Exercise goal: A faithful transcription is wanted of the lines from the top of the material through the line that holds "[見出し数] | インデックス紙の見出し(タブ)の数を設定します。", both ends included, leaving out the pictures.

Data extract:
---+---

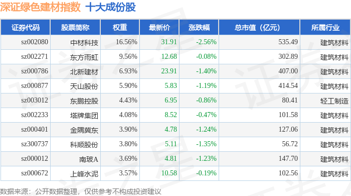 证券之星消息,11月19日,深证绿色建材(970077)指数报收于1334.57点,跌1.22%,成交49.2亿元,换手率1.61%。当日该指数成份股中,上涨的有3家,沧州明珠以3.33%的涨幅领涨,下跌的有27家,玉马科技以4.49%的跌幅领跌。
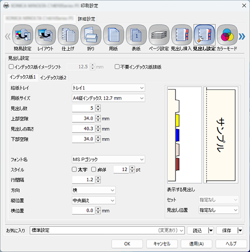 [見出し数] | インデックス紙の見出し(タブ)の数を設定します。
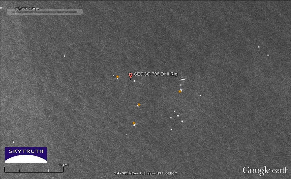But optical satellite imagery of this area (MODIS and MERIS) have had problems with clouds and haze for the past few days, so we haven’t seen any sign of the latest slick. Radar images don’t have that problem, but the most recent radar image we have was taken at about 9pm local time on March 9, and it looks clean around the SEDCO 706 site:
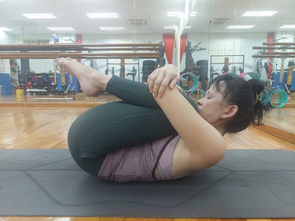 If your knees don’t touch your chest or bum doesn’t touch your heels, do you feel any tightness in your lower back? If you do, get someone to press on your lower back to deepen the stretch. It should feel good (and painless) as the ligaments and tendons are being stretched. A tight lower back is a common reason one cannot hug their knees to their chest.

---+---

Response:
 证券之星消息,11月19日,深证绿色建材(970077)指数报收于1334.57点,跌1.22%,成交49.2亿元,换手率1.61%。当日该指数成份股中,上涨的有3家,沧州明珠以3.33%的涨幅领涨,下跌的有27家,玉马科技以4.49%的跌幅领跌。
 [見出し数] | インデックス紙の見出し(タブ)の数を設定します。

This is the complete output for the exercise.